Sequencing data was acquired through the default Illumina pipeline using Casava v1.8. Reads were aligned to the mouse genome UCSC mm9 and to gene annotations from Ensembl 67 using TopHat v2.0.9 (Trapnell et al., 2009), using option –g 1 and allowing up to two mismatches. R package edgeR 3.0.8 was used to perform differential expression analysis at p-value < 1e-5 (Robinson et al., 2010) and p-value < 0.05 for external RNA-seq data.

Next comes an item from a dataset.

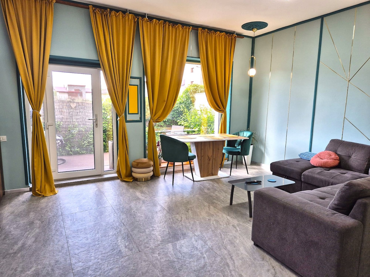 Benamkan diri Anda dalam keanggunan artistik dan kenyamanan yang mudah di tempat peristirahatan satu kamar tidur yang bergaya ini. Sangat cocok untuk bisnis atau liburan, tempat ini mengundang Anda untuk bersantai dengan film, menikmati espresso segar, atau tetap produktif dalam suasana yang tenang. Dirancang dengan apik untuk relaksasi dan kenyamanan, nikmati check - in mandiri yang mulus, WiFi berkecepatan tinggi, dan parkir di dekatnya. Rasakan pengalaman bergaya Bucharest - pesan sekarang untuk masa inap yang tak terlupakan!

Data generated for this study includes ChIP-seq data for Zic2, Zic3, Chd4, Mbd3, H3K27me3, H3K4me1, H3K4me3, H3K27ac and Pol II, and the RNA-seq data. Other data sets come from previously published studies: p300, H3K4me1 and H3K27ac ChIP-seq data are from GEO accession number GSE24164 (Creyghton et al., 2010); H3K4me3 and H3K27me3 ChIP-seq data are from GEO accession number GSE12241 (Mikkelsen et al., 2007); H3K27me3 ChIP-seq in Mbd3 WT and KO ES cells are from the ArrayExpress repository under accession E-MTAB-888 (Reynolds et al., 2012b); RNA-seq in Mbd3 WT and KO ES cells are from the ArrayExpress repository under accession E-MTAB-997 (Reynolds et al., 2012a); Chd4 ChIP-seq is from GEO accession number GSE27841(Whyte et al., 2012); and Mbd3 ChIP-seq is from GEO accession number GSM1246867 (Hnisz et al., 2013).

The parameters for next generation sequencing are reported in Table S1.